Time series forecasting has been performed traditionally using statistical methods such as ARIMA models or exponential smoothing. However, the last decades have witnessed the use of computational intelligence techniques to forecast time series. Although artificial neural networks is the most prominent machine learning technique used in time series forecasting, other approaches, such as Gaussian Process or KNN, have also been applied. Compared with classical statistical models, computational intelligence methods exhibit interesting features, such as their nonlinearity or the lack of an underlying model, that is, they are non-parametric.
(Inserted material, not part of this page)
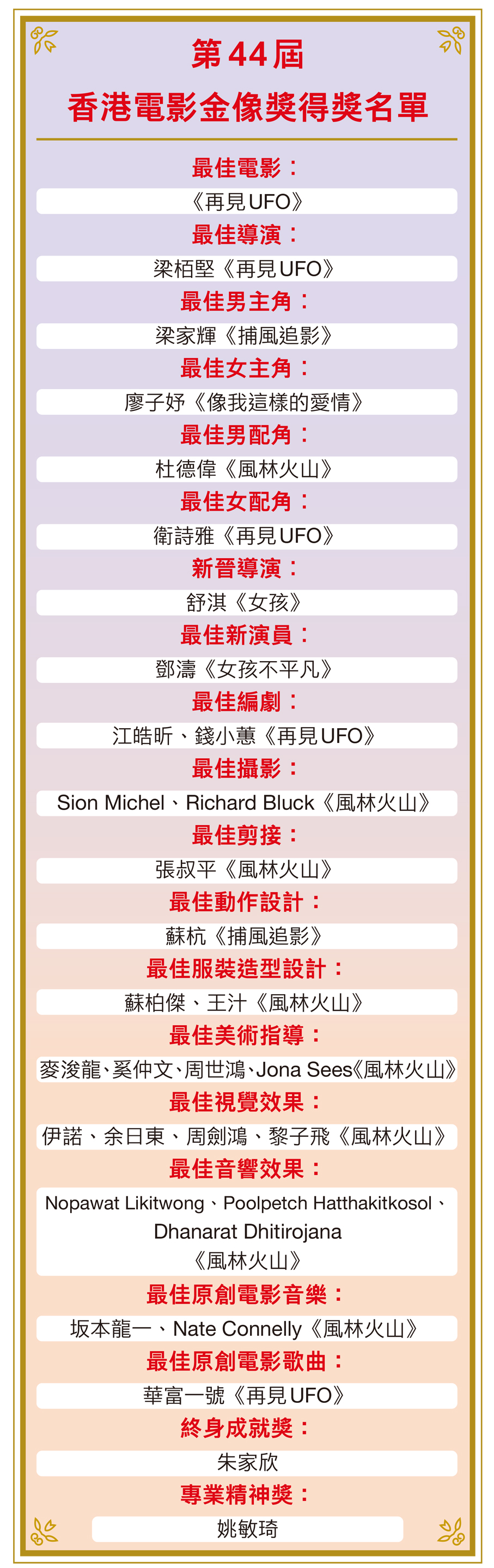 第44屆香港電影金像獎頒獎禮昨晚於香港文化中心舉行。《風林火山》囊括最佳攝影、最佳美術指導等8個獎項,成大贏家。梁家輝和廖子妤分別憑《捕風追影》及《像我這樣的愛情》拿下最佳男、女主角獎。舒淇29年前曾在金像獎獲頒新人獎,今年她憑《女孩》獲頒新晉導演獎項,她坦言感覺很奇妙。●香港文匯報記者 阿祖、達里、

Statistical methodologies for time series forecasting are present in
CRAN as excellent packages. For example, the **forecast**
package includes implementations of ARIMA, exponential smoothing, the
theta method or basic techniques, such as the naive approach, that can
be used as benchmark methods. On the other hand, although a great
variety of computational intelligence approaches for regression are
available in R (see, for example, the **caret** package),
these approaches cannot be directly applied to time series forecasting.
Fortunately, some new packages are filling this gap. For example, the
**nnfor** package or the `nnetar`

function from
the **forecast** package allows us to predict time series
using artificial neural networks.

KNN is a very popular algorithm used in classification and
regression. This algorithm simply stores a collection of examples. Each
example consists of a vector of features (describing the example) and
its associated class (for classification) or numeric value (for
prediction). Given a new example, KNN finds its *k* most similar
examples (called nearest neighbors), according to a distance metric
(such as the Euclidean distance), and predicts its class as the majority
class of its nearest neighbors or, in the case of regression, as an
aggregation of the target values associated with its nearest neighbors.
In this paper we describe the **tsfknn** R package for
univariate time series forecasting using KNN regression.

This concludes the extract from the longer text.